→ **WHAT THE TASK ASKS**:
Only the lines below from the one that holds "Conclude il suo" through the one that holds "While I’m proud" should appear in the answer, copied exactly, end lines included and pictures omitted.

BEGIN SUPPLIED DATA

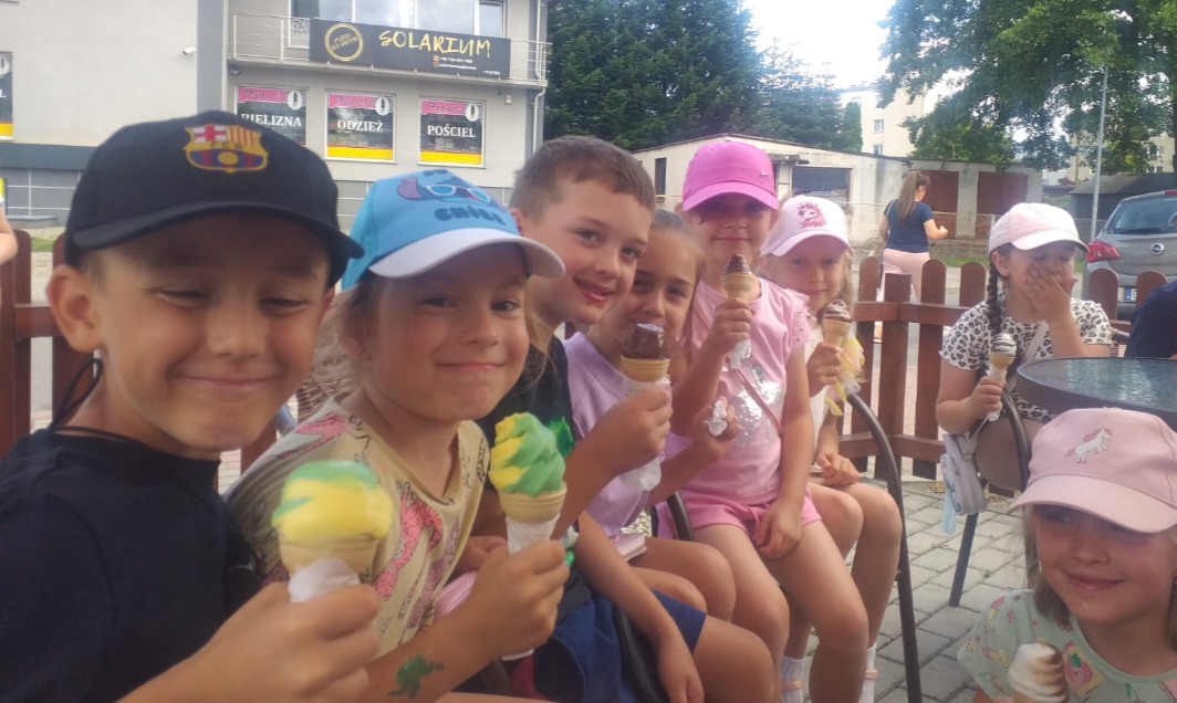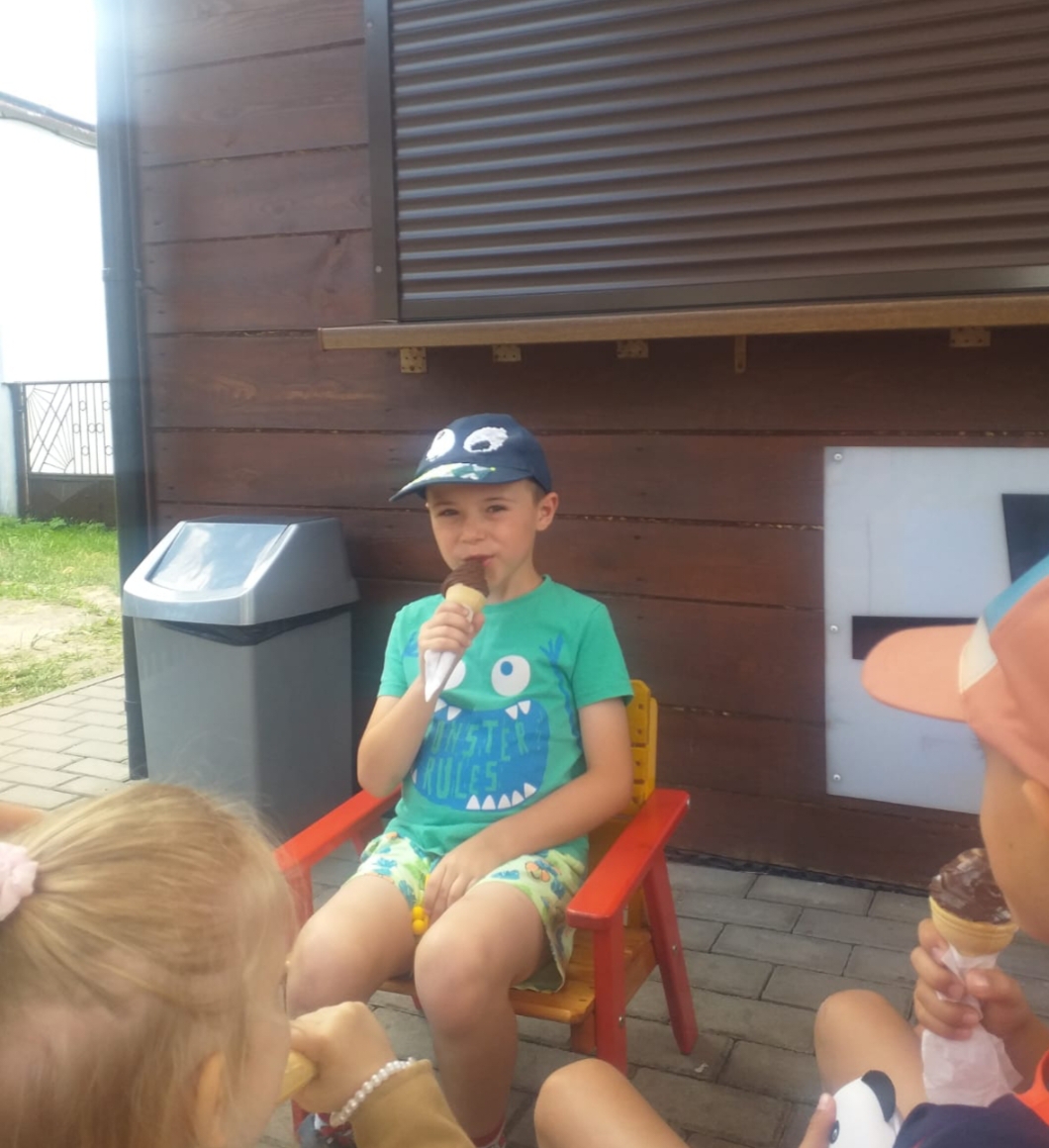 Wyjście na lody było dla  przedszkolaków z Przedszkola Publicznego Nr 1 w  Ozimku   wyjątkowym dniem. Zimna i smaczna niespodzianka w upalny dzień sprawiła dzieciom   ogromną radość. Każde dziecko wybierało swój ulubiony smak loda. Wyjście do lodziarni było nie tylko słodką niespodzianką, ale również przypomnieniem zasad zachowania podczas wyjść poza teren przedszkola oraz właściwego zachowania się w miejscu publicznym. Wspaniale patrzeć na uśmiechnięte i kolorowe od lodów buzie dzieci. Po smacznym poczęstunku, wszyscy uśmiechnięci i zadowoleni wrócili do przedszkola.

END SUPPLIED DATA
BEGIN SUPPLIED DATA

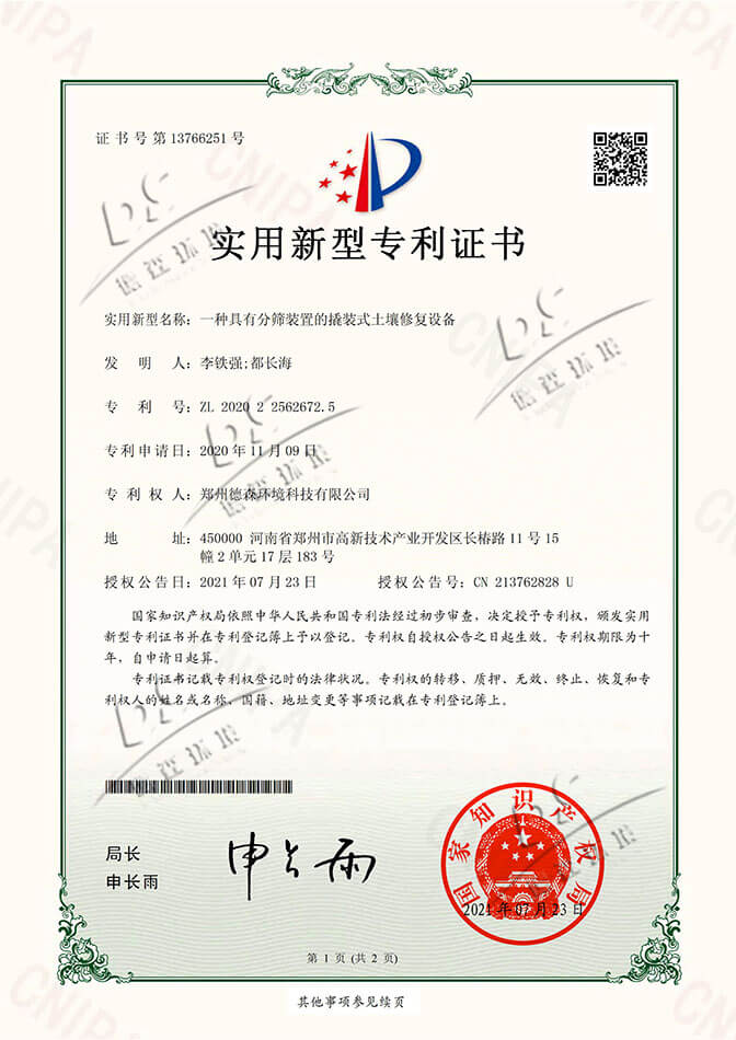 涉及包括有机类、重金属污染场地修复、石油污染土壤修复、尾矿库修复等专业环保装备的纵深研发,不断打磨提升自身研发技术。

END SUPPLIED DATA
BEGIN SUPPLIED DATA

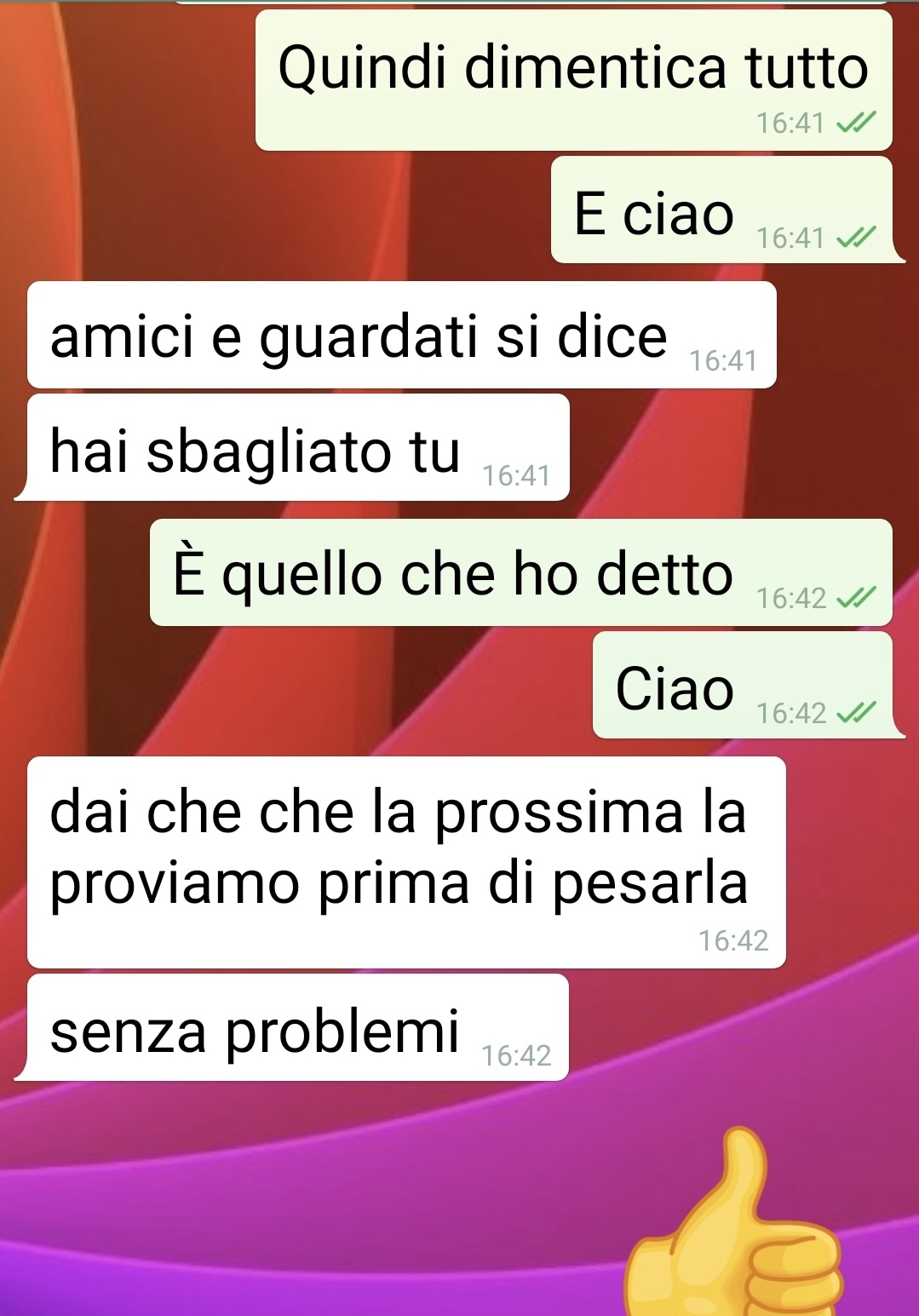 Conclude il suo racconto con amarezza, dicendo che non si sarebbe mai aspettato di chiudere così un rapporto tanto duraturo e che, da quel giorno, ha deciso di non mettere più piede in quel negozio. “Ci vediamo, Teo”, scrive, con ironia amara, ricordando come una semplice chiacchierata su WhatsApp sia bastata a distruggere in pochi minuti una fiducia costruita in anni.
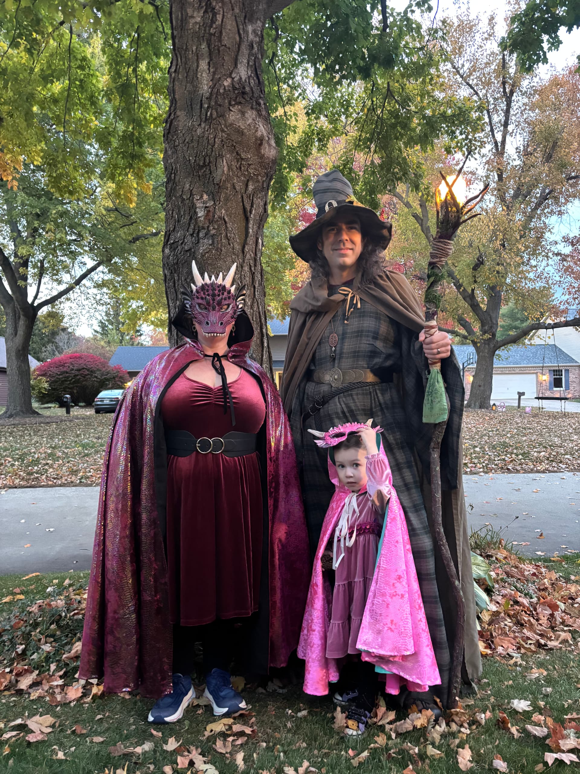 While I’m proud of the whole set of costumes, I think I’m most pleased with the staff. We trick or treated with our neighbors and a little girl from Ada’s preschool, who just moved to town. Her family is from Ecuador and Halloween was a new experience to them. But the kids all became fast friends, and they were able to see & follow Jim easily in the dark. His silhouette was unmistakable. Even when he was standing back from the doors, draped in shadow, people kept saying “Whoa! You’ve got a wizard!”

END SUPPLIED DATA

→ **SOLUTION FOR THIS TASK**:
 Conclude il suo racconto con amarezza, dicendo che non si sarebbe mai aspettato di chiudere così un rapporto tanto duraturo e che, da quel giorno, ha deciso di non mettere più piede in quel negozio. “Ci vediamo, Teo”, scrive, con ironia amara, ricordando come una semplice chiacchierata su WhatsApp sia bastata a distruggere in pochi minuti una fiducia costruita in anni.
 While I’m proud of the whole set of costumes, I think I’m most pleased with the staff. We trick or treated with our neighbors and a little girl from Ada’s preschool, who just moved to town. Her family is from Ecuador and Halloween was a new experience to them. But the kids all became fast friends, and they were able to see & follow Jim easily in the dark. His silhouette was unmistakable. Even when he was standing back from the doors, draped in shadow, people kept saying “Whoa! You’ve got a wizard!”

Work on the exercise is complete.